Les Saxons ont toujours échoué à conquérir le pays de Galles, tant en raison du terrain montagneux, que de la résistance acharnée du peuple gallois. L'un des rois saxons, Offa de Mercie finit par ériger un grand mur de terre, « Offa's Dyke », à la frontière de son pays, pour délimiter la partie de la région du Powys qu'il venait de conquérir. Certains vestiges de cette construction sont encore visibles.

 

Geoffrey de Monmouth dépeint Arthur comme un roi ayant établi un empire rassemblant toute l'île de Bretagne, ainsi que l'Irlande, l'Islande, la Norvège, le Danemark et une bonne partie de la Gaule, fin 5e, début 6e siècle.

 

Les Normands finissent par dominer le pays, mais cette domination fut plus progressive que la conquête de l'Angleterre par Guillaume le Conquérant, duc de Normandie, en 1066. Commencée par les Saxons, au VIe siècle, la conquête du pays de Galles ne s'acheva qu'en 1282 sur un champ de bataille, avec la victoire d'Édouard Ier sur Llywelyn le Dernier, le dernier prince indépendant. Pour asseoir sa domination, Édouard bâtit dans la région plusieurs grands châteaux, dont celui de Caernarfon, celui de Conwy ou celui d'Harlech.

 

Le pays est resté celtique et l'usage de la langue galloise s'est toujours perpétué, alors même qu'en Angleterre et en Écosse, l'usage des langues celtiques s'est perdu ou a largement diminué.

 

Dès le temps de Henri II, les poètes et les historiens liés aux Plantagenêts rivalisent pour magnifier la figure du héros mythique de la Table ronde et pour forger une généalogie qui convienne au dessein politique du roi d'Angleterre.
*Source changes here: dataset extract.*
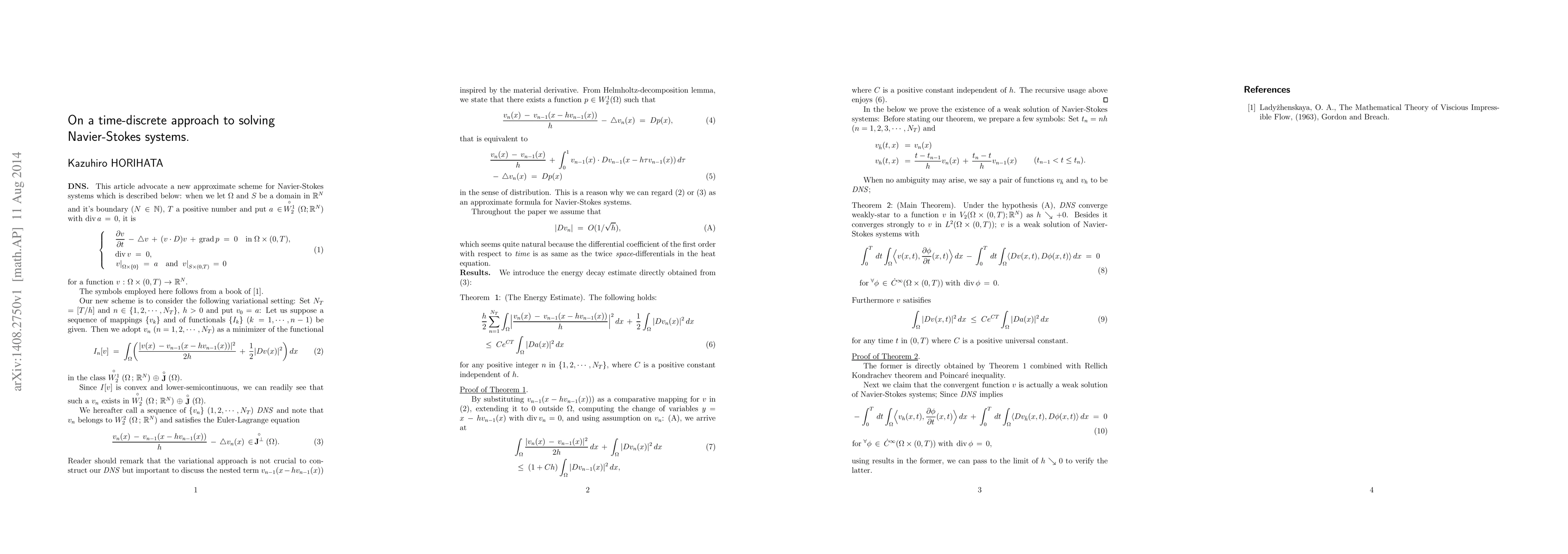 We present a new scheme for solving Navier-Stokes systems. This is inspired by material differentiation and combined with discrete Morse semi-flow. The solution has the first energy inequality, we set some assumption though. This result crucially does not provide any new result, but I believe that by making my scheme is more sophisticated, we can develop the study of Navier-Stokes systems.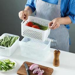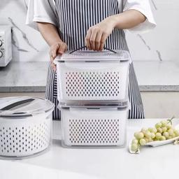 Keep your food fresh and organized with this 5-piece set of airtight plastic food storage containers. Featuring removable drainer trays, these containers are perfect for washing and storing fruits, vegetables, and leftovers. The secure airtight seal locks in freshness, preventing spills and odors. Durable, BPA-free plastic makes them ideal for refrigerators, pantries, and meal prep. Say goodbye to wilting produce and hello to longer-lasting, delicious food.

La chose est pourtant malaisée : le personnage historique ayant été le héros des combats du peuple breton contre les envahisseurs saxons... Heureusement, Geoffroy de Monmouth, dans son Histoire des rois de Bretagne , a déjà intégré, en 1138, le personnage mythique d'Arthur - comme ceux de l'enchanteur Merlin et de la fée Morgane - dans une tradition et une généalogie qui conduisent d'Enée et d'Arthur à la royauté d'Etienne de Blois [petit-fils de Guillaume le Conquérant par sa mère Adèle de Blois et dernier roi normand en Angleterre avant l'accession au trône des Plantagenêts avec Henri II (1154-1189)].

 

Ce n'est pas par hasard qu'en 1191 on annonce que, sur une indication donnée avant sa mort par Henri II, on a découvert à l'abbaye de Glastonbury aux confins du Pays de Galles, la tombe du roi Arthur et de la reine Guenièvre, reconnaissables l'un à sa haute taille et l'autre à sa tresse de cheveux blonds. Arthur est le lien entre le société courtoise et la royauté. La découverte du corps vient de surcroît permettre d'intégrer Arthur dans la société chrétienne, puisqu'elle réduit à néant la légende de la survie magique du roi de la Table ronde et de son retour. Dans la lignée de Charlemagne, Arthur devient le parangon des vertus du prince chrétien et le héros du combat pour la foi... (Mais) si Arthur peut faire figure de héros national (anglais), c'est aux yeux des indociles Gallois (nation celte conquise par Edouard Ier en 1282, Ndlr.) et son retour pouvait être embarrassant puisqu'il avait pour fin de chasser définitivement les Anglais (Saxons) et de rétablir la royauté celtique...

 

Sur le continent, les Plantagenêts font grand cas de l'épée d'Arthur, Excalibur... offerte, dit-on, en 1127 par Henri Beauclerc à Geoffroy Plantagenêt, encore comme comte d'Anjou, et passée dans la chapelle de Richard Coeur de Lion. Avant la découverte du corps d'Arthur en 1191, elle fait le lien nécessaire entre le roi mythique et la dynastie angevine. On retient surtout, et Wace y insiste au milieu du siècle dans son Roman de Brut, qu'Arthur est l'ancêtre prestigieux des Plantagenêts, qu'il combat les Français comme les païens et qu'il est à la fois modèle de courage, de vertu et de sagesse politique. Mais le roi Arthur ne siège qu'au sein de sa Table ronde, autrement dit de ses vassaux. Sa royauté n'est qu'une primatie, et son pouvoir est fortement marqué par les limites qu'impose au roi la nature contractuelle du lien qui unit le seigneur et le vassal. L'origine arthurienne de la monarchie des Plantagenêt est prestigieuse. Elle est fortement réductrice. » (39)

 

Notes

 

(1) Jean Favier, La France féodale, 1984, réed. Le Grand Livre du Mois, Paris 1995, p. 52.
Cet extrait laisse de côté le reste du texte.